All personal information collected during the survey will be kept anonymous, and any personal information will remain strictly confidential. The survey is completely voluntary, and you'll be free to exit at any time. If there are any questions that you feel uncomfortable answering, you'll be able to skip those questions and move on.

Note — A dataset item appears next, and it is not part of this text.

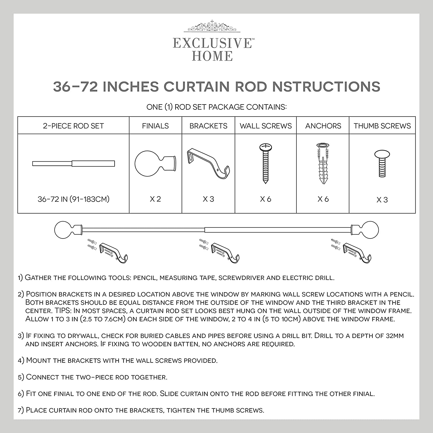 The Acorn decorative curtain rod and finial set features a classic style and traditional design with a matte finish iron rod and coordinating cast resin acorn finials. This set will provide a visually balanced appearance for your window treatments. The 2. 6" diameter x 3. 9" long finials will insure that your window curtain panels will remain securely on the rod. The 1" diameter iron adjustable curtain rod is designed to fit a wide range of window widths, and has a sturdy 25 lb. capacity that will support flowing sheers to thermal blackout panels. The 3. 5" fixed depth projection bracket provides a gracious amount of space for fabrics to drape perfectly. Accommodates window curtain panels and drapes that are designed with various tops, including: rod pocket, pinch pleat, clip rings, grommets, tab top, or hidden back tab top. Provides an attractive accent to every window treatment in your living room, bed room, bathroom, kitchen, and kids room. Installs easily with included hardware and installation instructions. Sturdy, easy clean, no fuss, wipe clean finish will last for lifetime. This window curtain rod and finial set will add the perfect finish accent to any window treatment and adds a refined style to your home decor.

Please access the survey here:

https://tcu.co1.qualtrics.com/SE/?SID=SV_9v24OiH7laDNLSJ


----------



## SnowDogWax (Nov 8, 2013)

First post college student asking for 5 minutes of our time... First! Take those five minutes and read the forums rules on posting a survey thread....


----------



## deagol (Mar 26, 2014)

Oh boy, such an honor to be part of a "target market"....


----------



## linvillegorge (Jul 6, 2009)

MBA_Student said:


> Hello,
> 
> I'm a graduate student at the Texas Christian University. As part of a class project, my team and I are performing market research for a local start-up company with a new product in the field of wearable technology. The technology is gloves that enable the wearer to control music, phone calls, and/or a GoPro camera using Bluetooth or WiFi connectivity embedded in the gloves. One of the target markets is snow sports, and* the founder is an avid skier*. We are interested in using this forum post to get respondents to a survey (administered through Qualtrics.com) that will gauge interest in such a technology.
> 
> ...


----------



## MBA_Student (Nov 6, 2015)

SnowDogWax said:


> First post college student asking for 5 minutes of our time... First! Take those five minutes and read the forums rules on posting a survey thread....


I read through the rules of membership, and I didn't see anything stating that surveys were frowned upon... I'm not trying to be a nuisance or advertise. If you don't feel like responding to the survey because it's not worth your time, I fully understand and appreciate that. I'm doing this for academic purposes, and I don't know of any other means to reach such a broad audience of snow sport enthusiasts.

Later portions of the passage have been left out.